WHAT THE TASK REQUIRES | The lines below, from the one holding "دستگاه وندینگ قهوه مدل" through the one holding "Trench coat Koché, NET-A-PORTER.COM.", are to be restated word for word, with all images left out.

DATASET |

=== Begin Enclosure ===

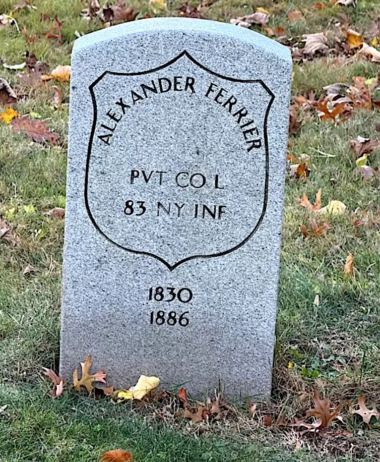 FERRIER, ALEXANDER (1830-1886). Private, 83rd New York Infantry, Company L. A native New Yorker, Ferrier’s occupation on the census of 1860 was “porter and ale.” During the Civil War, he enlisted at New York City on September 6, 1861, and mustered into the 83rd New York on that day. During his service, he was listed as a deserter on September 15, 1862, at Thoroughfare Gap, Virginia, and surrendered at an unstated place on March 10, 1865. He mustered out on May 13, 1865, at Fort Columbus in New York Harbor.
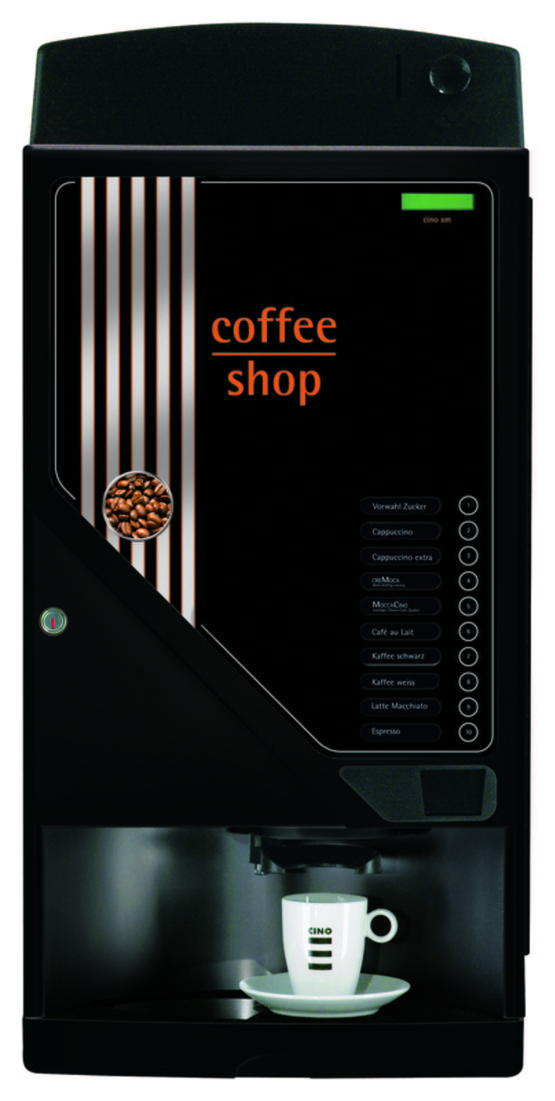 دستگاه وندینگ قهوه مدل cino xm instant مربوط به شرکت سازنده ی  ایتالیایی rhea vendors در طبقه بندی دستگاه های فروش خودکار قهوه فوری قرار میگیرد. وازه ی instant  در انتهای نام این مدل حاکی از استفاده ی دستگاه از پودر های فوری قهوه و شکلات و شیر دارد که در کشور ایران بسیار متداول می باشد و بسیاری از کاربران از این نوع دستگاه ها به عنوان نسکافه ساز یاد می کنند. دستگاه فروش اتوماتیک مدل سینو (cino xm) دارای 6 مخزن پودر بوده و 10 تنوع به مشتری یا کاربر ارائه می دهد.این دستگاه وندینگ دارای کابینت مخصوص هم می باشد که در صورت استفاده در مکان هایی با فضای بیشتر ، دستگاه را به صورت یک تکه و با ارتفاع بالاتر نشان می دهد. تمامی قطعات این مدل دستگاه و مدل های هم خانواده ی این نوع دستگاه وندینگ قهوه توسط شرکت تیام وندینگ به مشتریان عرضه می شود.
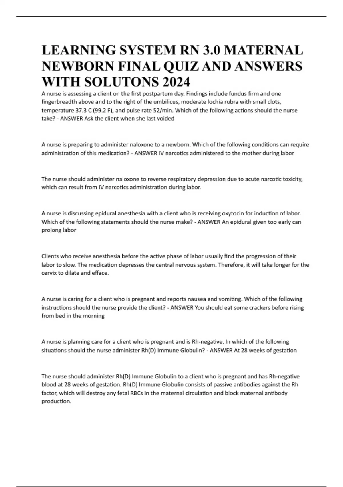 LEARNING SYSTEM RN 3.0 MATERNAL NEWBORN FINAL QUIZ AND ANSWERS WITH SOLUTONS 2024
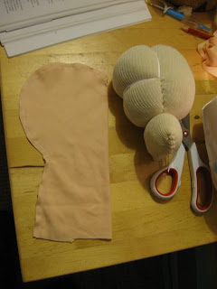 I cut the line at her neck, and then cut her eyeline and chin line. All that shaping was gone in an instant. I was so scared that I was causing irreversible damage at this point that I don't even think I was breathing. I peeled back the stockinette that encapsulated her head like fascia, and then I held her head together with one hand as I used my other hand to carefully wrap large strips of new wool batting around her. By then her head looked enormous, and I had to call Einstein to come and help tug her original stockinette back over her head while I held everything in place. I pulled a new tube of stockinette over the old tube, just to keep everything nice and tidy.
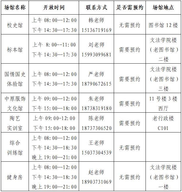 为丰富我校学生周末文化体育活动,学校校史馆、标本馆、国情国史体验馆、中原服饰文化馆、陶艺实训室、综合训练馆、健身房等场所将在周六、周日对学生开放。具体安排如下:
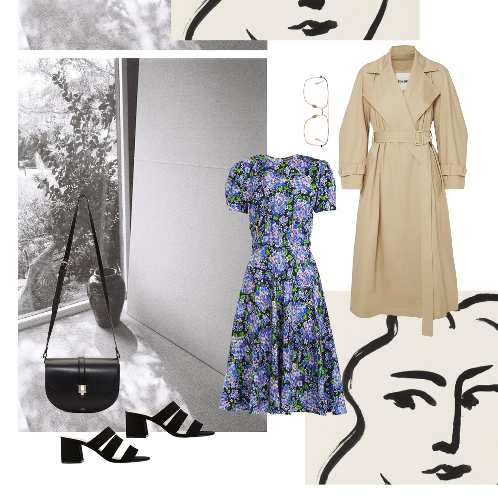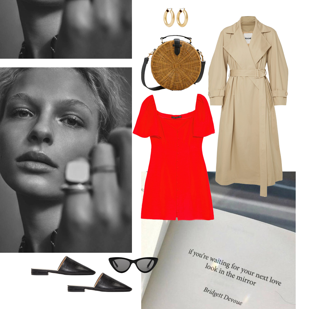 Trench coat Koché, NET-A-PORTER.COM. Φόρεμα Zara, ZARA.COM. Τσάντα Mango, MANGO.COM. Εξώφτερνα flats Acne Studios, SSENSE.COM. Γυαλιά ηλίου Mango, MANGO.COM. Σκουλαρίκια Laura Lombardi, NET-A-PORTER.COM.
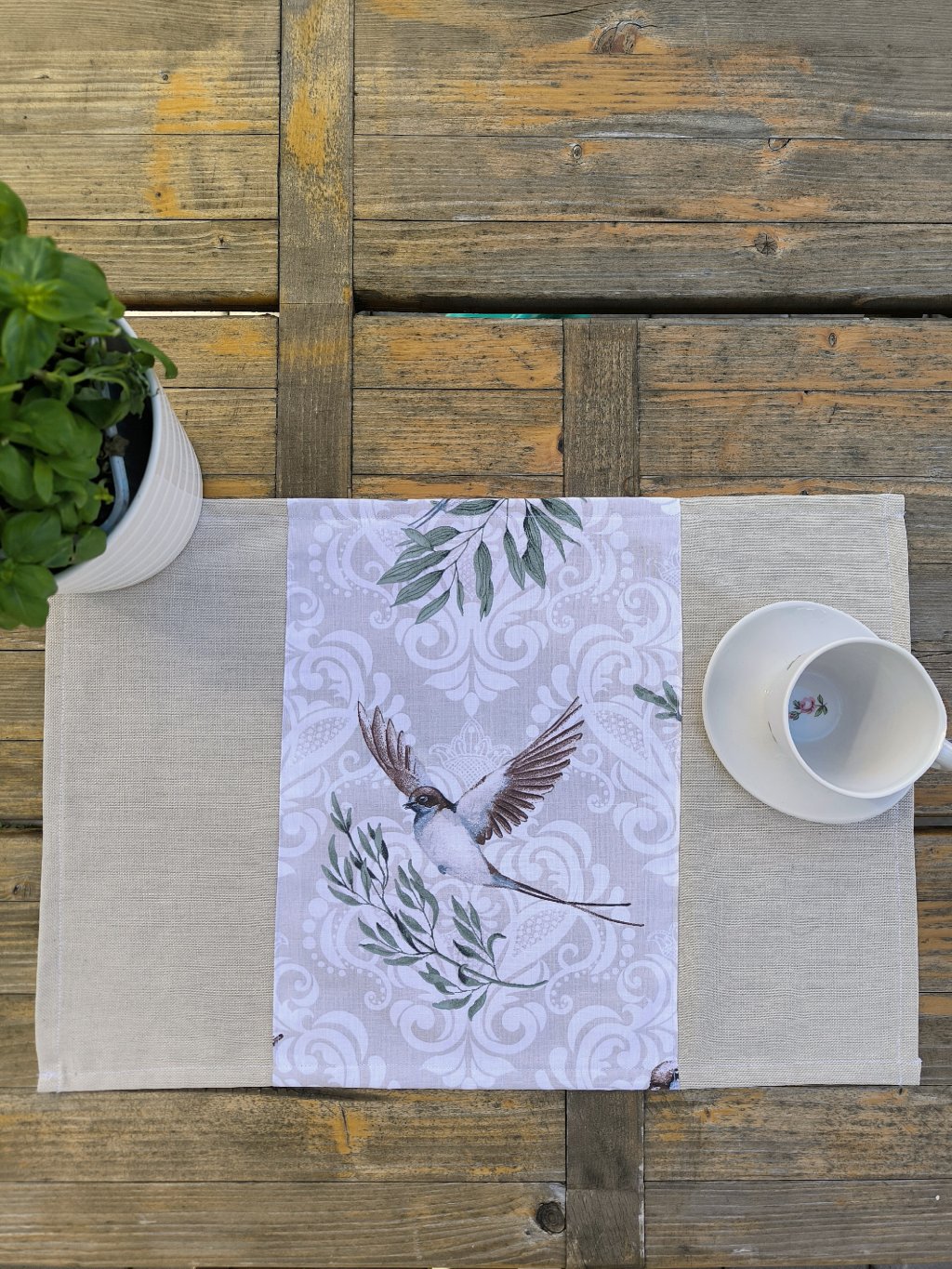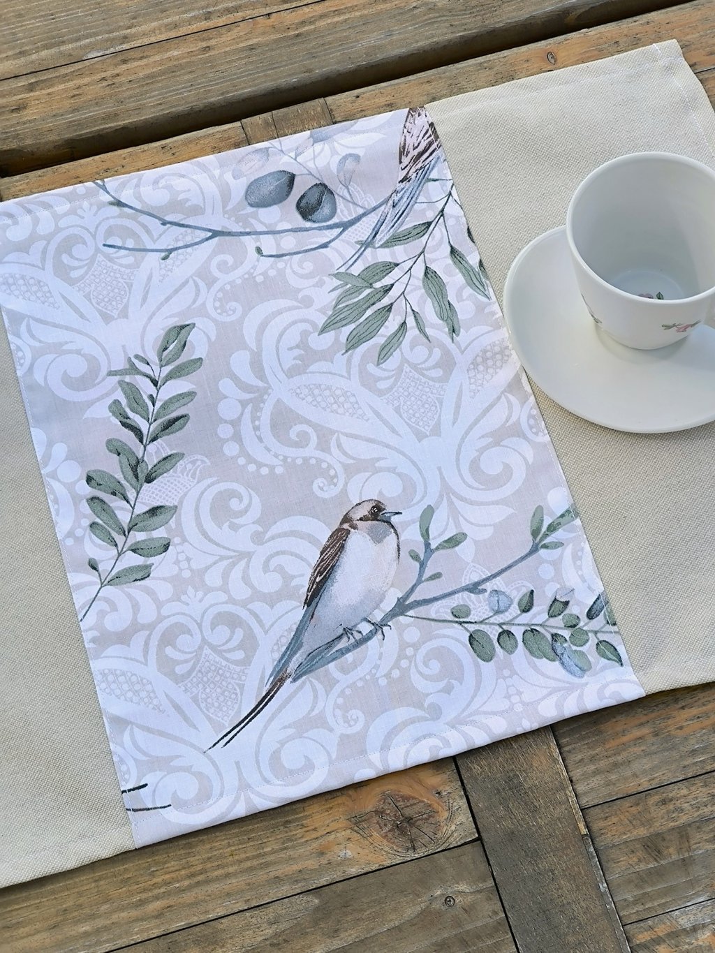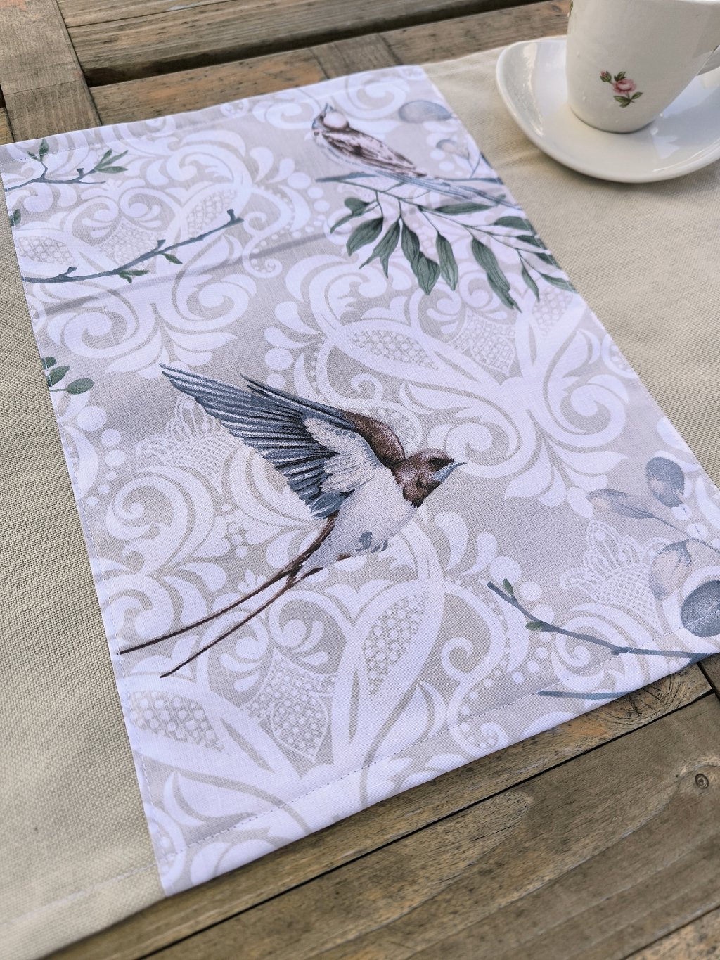 Upozornění: ptáčkové na látce jsou na každém kusu prostírání trochu jiní, podle toho, jak byla střižena látka

=== End Enclosure ===

ANSWER TO THIS TASK |
 دستگاه وندینگ قهوه مدل cino xm instant مربوط به شرکت سازنده ی  ایتالیایی rhea vendors در طبقه بندی دستگاه های فروش خودکار قهوه فوری قرار میگیرد. وازه ی instant  در انتهای نام این مدل حاکی از استفاده ی دستگاه از پودر های فوری قهوه و شکلات و شیر دارد که در کشور ایران بسیار متداول می باشد و بسیاری از کاربران از این نوع دستگاه ها به عنوان نسکافه ساز یاد می کنند. دستگاه فروش اتوماتیک مدل سینو (cino xm) دارای 6 مخزن پودر بوده و 10 تنوع به مشتری یا کاربر ارائه می دهد.این دستگاه وندینگ دارای کابینت مخصوص هم می باشد که در صورت استفاده در مکان هایی با فضای بیشتر ، دستگاه را به صورت یک تکه و با ارتفاع بالاتر نشان می دهد. تمامی قطعات این مدل دستگاه و مدل های هم خانواده ی این نوع دستگاه وندینگ قهوه توسط شرکت تیام وندینگ به مشتریان عرضه می شود.
 LEARNING SYSTEM RN 3.0 MATERNAL NEWBORN FINAL QUIZ AND ANSWERS WITH SOLUTONS 2024
 I cut the line at her neck, and then cut her eyeline and chin line. All that shaping was gone in an instant. I was so scared that I was causing irreversible damage at this point that I don't even think I was breathing. I peeled back the stockinette that encapsulated her head like fascia, and then I held her head together with one hand as I used my other hand to carefully wrap large strips of new wool batting around her. By then her head looked enormous, and I had to call Einstein to come and help tug her original stockinette back over her head while I held everything in place. I pulled a new tube of stockinette over the old tube, just to keep everything nice and tidy.
 为丰富我校学生周末文化体育活动,学校校史馆、标本馆、国情国史体验馆、中原服饰文化馆、陶艺实训室、综合训练馆、健身房等场所将在周六、周日对学生开放。具体安排如下:
 Trench coat Koché, NET-A-PORTER.COM. Φόρεμα Zara, ZARA.COM. Τσάντα Mango, MANGO.COM. Εξώφτερνα flats Acne Studios, SSENSE.COM. Γυαλιά ηλίου Mango, MANGO.COM. Σκουλαρίκια Laura Lombardi, NET-A-PORTER.COM.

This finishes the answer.